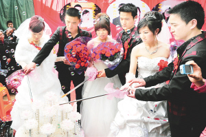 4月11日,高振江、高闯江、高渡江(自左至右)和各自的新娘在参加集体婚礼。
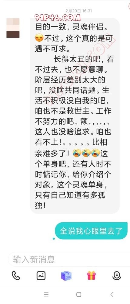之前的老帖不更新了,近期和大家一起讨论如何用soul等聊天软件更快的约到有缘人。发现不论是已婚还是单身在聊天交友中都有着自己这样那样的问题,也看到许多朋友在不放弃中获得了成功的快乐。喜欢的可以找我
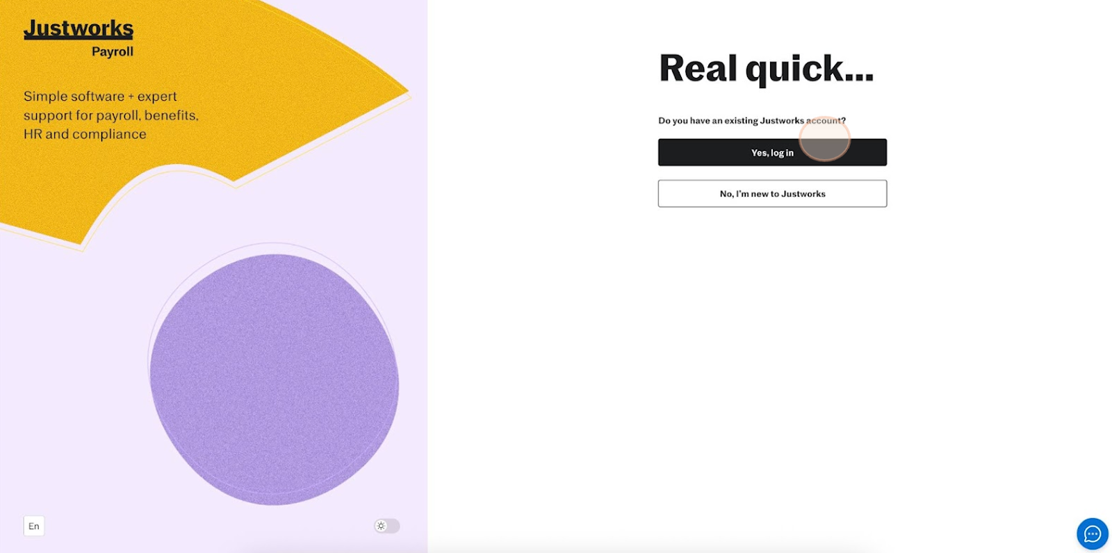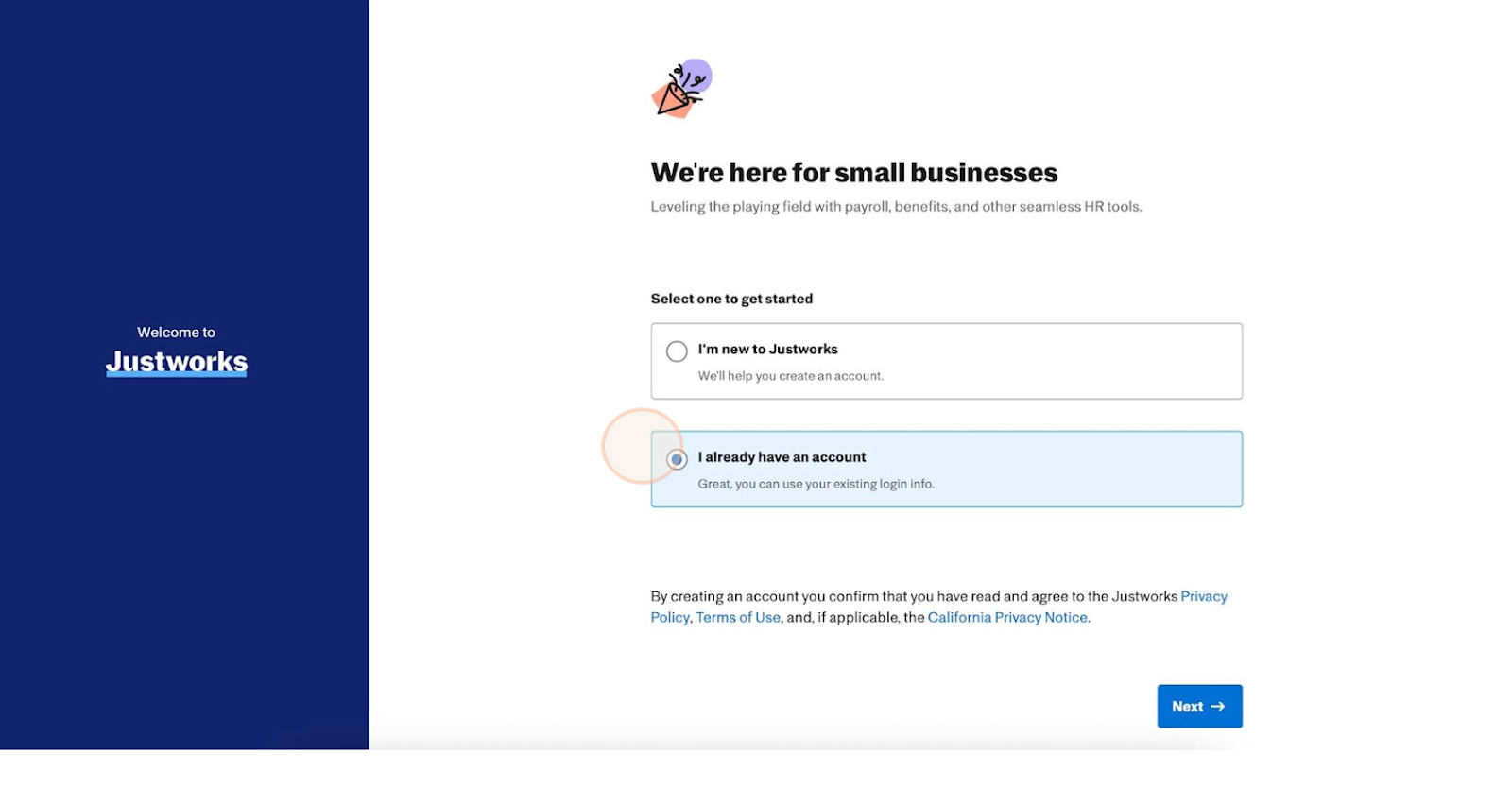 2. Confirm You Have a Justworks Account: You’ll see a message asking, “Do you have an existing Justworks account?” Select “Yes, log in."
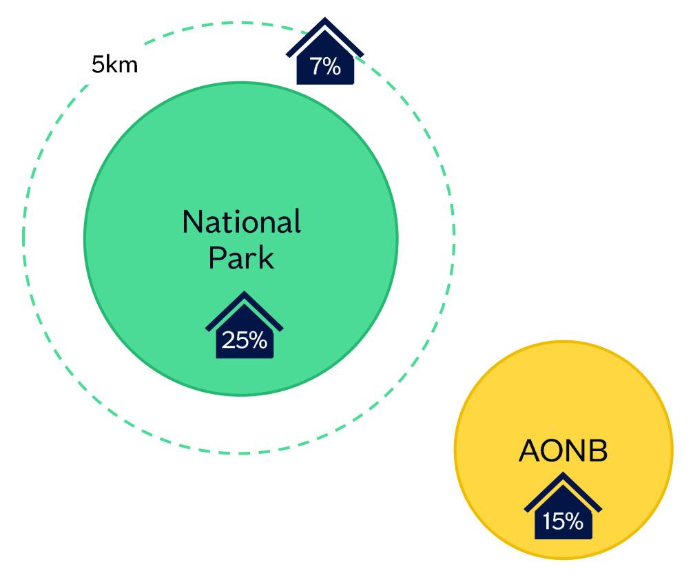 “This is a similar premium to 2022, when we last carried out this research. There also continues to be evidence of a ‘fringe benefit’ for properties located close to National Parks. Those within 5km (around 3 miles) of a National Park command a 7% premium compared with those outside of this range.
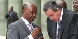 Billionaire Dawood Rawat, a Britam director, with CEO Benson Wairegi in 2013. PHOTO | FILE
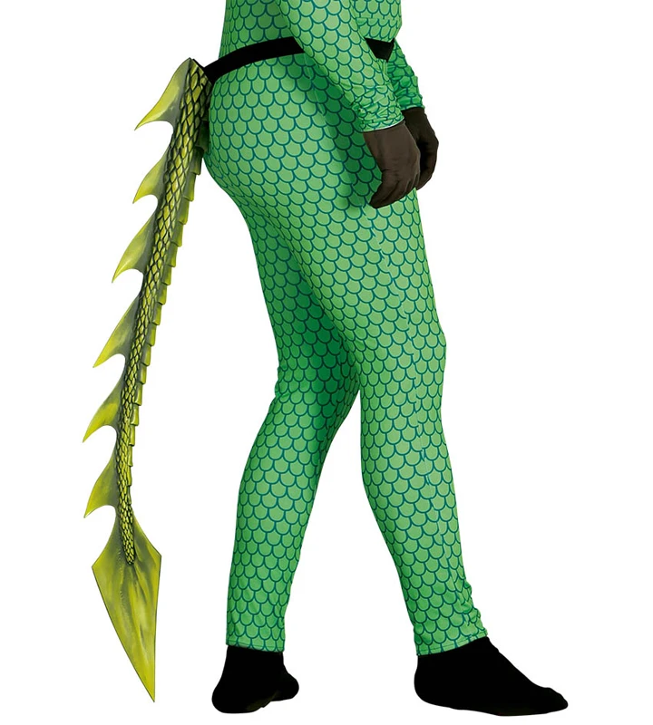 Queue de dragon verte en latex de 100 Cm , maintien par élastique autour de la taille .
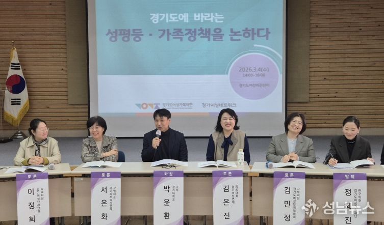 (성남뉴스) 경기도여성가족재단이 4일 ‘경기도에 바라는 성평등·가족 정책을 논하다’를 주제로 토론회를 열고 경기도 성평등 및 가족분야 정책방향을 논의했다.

== Work instructions ==
Only the lines from the one containing "Queue de dragon" to the end of the listing belong in the answer, exactly as they stand and with no pictures.

== Solution for this task ==
 Queue de dragon verte en latex de 100 Cm , maintien par élastique autour de la taille .
 (성남뉴스) 경기도여성가족재단이 4일 ‘경기도에 바라는 성평등·가족 정책을 논하다’를 주제로 토론회를 열고 경기도 성평등 및 가족분야 정책방향을 논의했다.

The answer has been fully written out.